Task
Line by line, transcribe the data below exactly and pass over the images.

Segment Open

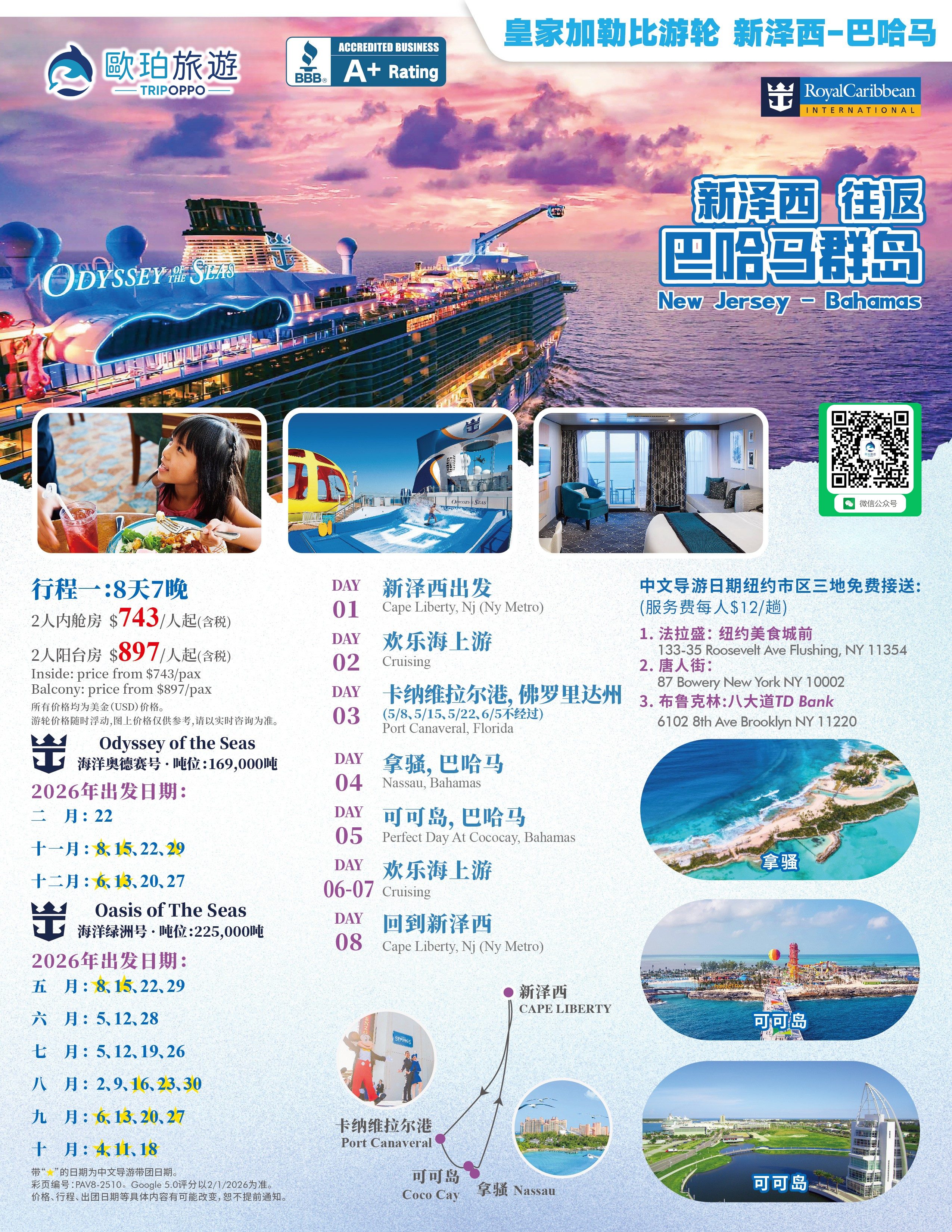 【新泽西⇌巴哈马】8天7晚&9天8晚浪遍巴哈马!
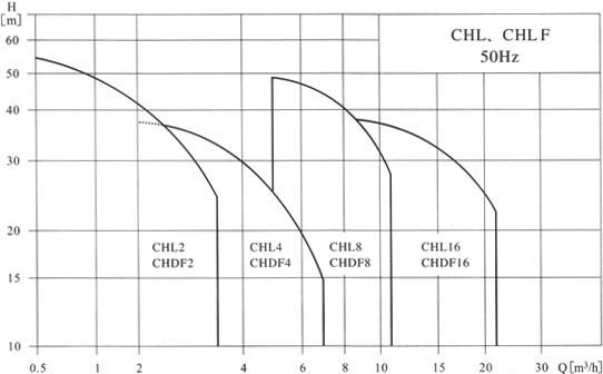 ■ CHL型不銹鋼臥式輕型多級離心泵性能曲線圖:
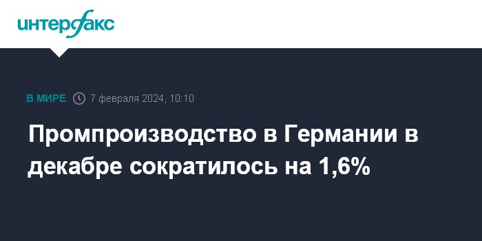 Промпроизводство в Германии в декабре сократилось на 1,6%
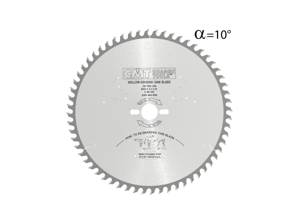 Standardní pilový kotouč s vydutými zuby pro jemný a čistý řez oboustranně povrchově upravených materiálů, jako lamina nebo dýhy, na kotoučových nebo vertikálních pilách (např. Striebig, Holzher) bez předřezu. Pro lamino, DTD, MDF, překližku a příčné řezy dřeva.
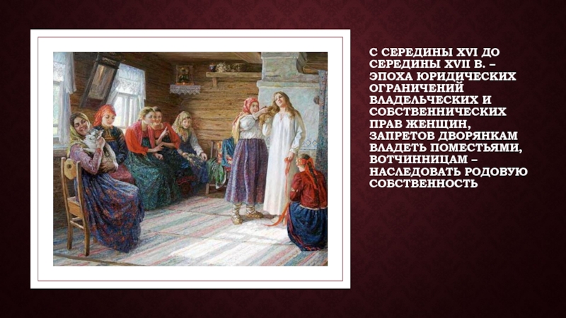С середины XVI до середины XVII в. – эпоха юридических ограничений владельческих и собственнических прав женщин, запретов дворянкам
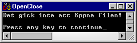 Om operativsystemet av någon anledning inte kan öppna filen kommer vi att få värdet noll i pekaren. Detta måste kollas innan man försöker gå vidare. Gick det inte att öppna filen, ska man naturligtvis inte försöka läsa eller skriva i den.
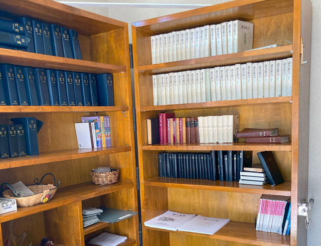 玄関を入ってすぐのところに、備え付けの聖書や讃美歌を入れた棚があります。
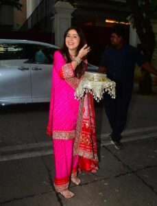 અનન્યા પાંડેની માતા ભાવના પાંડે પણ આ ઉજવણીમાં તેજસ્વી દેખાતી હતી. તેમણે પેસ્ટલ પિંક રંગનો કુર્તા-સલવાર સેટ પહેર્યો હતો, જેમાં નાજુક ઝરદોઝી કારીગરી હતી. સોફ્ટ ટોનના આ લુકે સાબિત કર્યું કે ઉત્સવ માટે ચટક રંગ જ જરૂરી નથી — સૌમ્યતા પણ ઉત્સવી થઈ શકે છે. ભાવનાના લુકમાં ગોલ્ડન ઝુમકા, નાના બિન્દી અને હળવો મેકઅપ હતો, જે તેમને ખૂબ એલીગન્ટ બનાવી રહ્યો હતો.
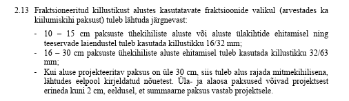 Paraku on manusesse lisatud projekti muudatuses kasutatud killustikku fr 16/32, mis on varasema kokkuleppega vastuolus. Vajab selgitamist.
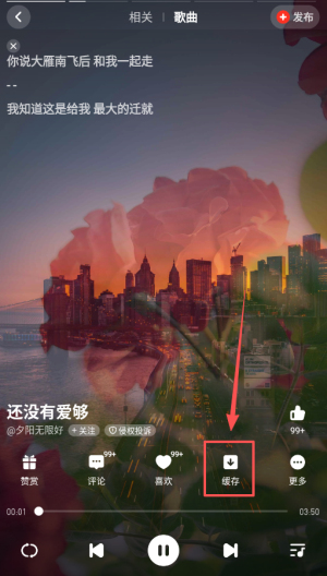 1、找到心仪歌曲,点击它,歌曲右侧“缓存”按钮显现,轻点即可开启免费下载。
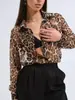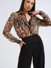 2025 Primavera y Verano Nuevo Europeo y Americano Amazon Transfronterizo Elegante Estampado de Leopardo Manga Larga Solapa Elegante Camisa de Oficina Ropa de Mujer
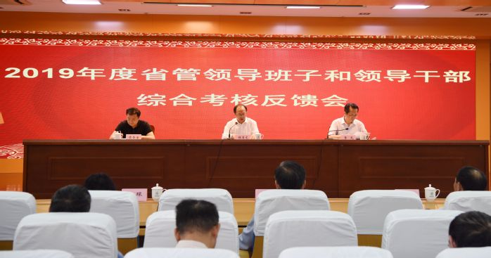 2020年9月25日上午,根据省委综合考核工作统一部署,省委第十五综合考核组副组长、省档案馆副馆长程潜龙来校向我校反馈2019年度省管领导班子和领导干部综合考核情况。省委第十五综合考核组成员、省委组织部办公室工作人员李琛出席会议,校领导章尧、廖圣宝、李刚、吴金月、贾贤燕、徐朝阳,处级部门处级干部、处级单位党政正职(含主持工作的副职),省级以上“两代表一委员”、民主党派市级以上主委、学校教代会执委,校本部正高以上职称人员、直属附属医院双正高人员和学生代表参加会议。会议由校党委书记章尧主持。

Segment Closed

Answer area
 【新泽西⇌巴哈马】8天7晚&9天8晚浪遍巴哈马!
 ■ CHL型不銹鋼臥式輕型多級離心泵性能曲線圖:
 Промпроизводство в Германии в декабре сократилось на 1,6%
 Standardní pilový kotouč s vydutými zuby pro jemný a čistý řez oboustranně povrchově upravených materiálů, jako lamina nebo dýhy, na kotoučových nebo vertikálních pilách (např. Striebig, Holzher) bez předřezu. Pro lamino, DTD, MDF, překližku a příčné řezy dřeva.
С середины XVI до середины XVII в. – эпоха юридических ограничений владельческих и собственнических прав женщин, запретов дворянкам
 Om operativsystemet av någon anledning inte kan öppna filen kommer vi att få värdet noll i pekaren. Detta måste kollas innan man försöker gå vidare. Gick det inte att öppna filen, ska man naturligtvis inte försöka läsa eller skriva i den.
 玄関を入ってすぐのところに、備え付けの聖書や讃美歌を入れた棚があります。
 અનન્યા પાંડેની માતા ભાવના પાંડે પણ આ ઉજવણીમાં તેજસ્વી દેખાતી હતી. તેમણે પેસ્ટલ પિંક રંગનો કુર્તા-સલવાર સેટ પહેર્યો હતો, જેમાં નાજુક ઝરદોઝી કારીગરી હતી. સોફ્ટ ટોનના આ લુકે સાબિત કર્યું કે ઉત્સવ માટે ચટક રંગ જ જરૂરી નથી — સૌમ્યતા પણ ઉત્સવી થઈ શકે છે. ભાવનાના લુકમાં ગોલ્ડન ઝુમકા, નાના બિન્દી અને હળવો મેકઅપ હતો, જે તેમને ખૂબ એલીગન્ટ બનાવી રહ્યો હતો.
 Paraku on manusesse lisatud projekti muudatuses kasutatud killustikku fr 16/32, mis on varasema kokkuleppega vastuolus. Vajab selgitamist.
 1、找到心仪歌曲,点击它,歌曲右侧“缓存”按钮显现,轻点即可开启免费下载。
 2025 Primavera y Verano Nuevo Europeo y Americano Amazon Transfronterizo Elegante Estampado de Leopardo Manga Larga Solapa Elegante Camisa de Oficina Ropa de Mujer
 2020年9月25日上午,根据省委综合考核工作统一部署,省委第十五综合考核组副组长、省档案馆副馆长程潜龙来校向我校反馈2019年度省管领导班子和领导干部综合考核情况。省委第十五综合考核组成员、省委组织部办公室工作人员李琛出席会议,校领导章尧、廖圣宝、李刚、吴金月、贾贤燕、徐朝阳,处级部门处级干部、处级单位党政正职(含主持工作的副职),省级以上“两代表一委员”、民主党派市级以上主委、学校教代会执委,校本部正高以上职称人员、直属附属医院双正高人员和学生代表参加会议。会议由校党委书记章尧主持。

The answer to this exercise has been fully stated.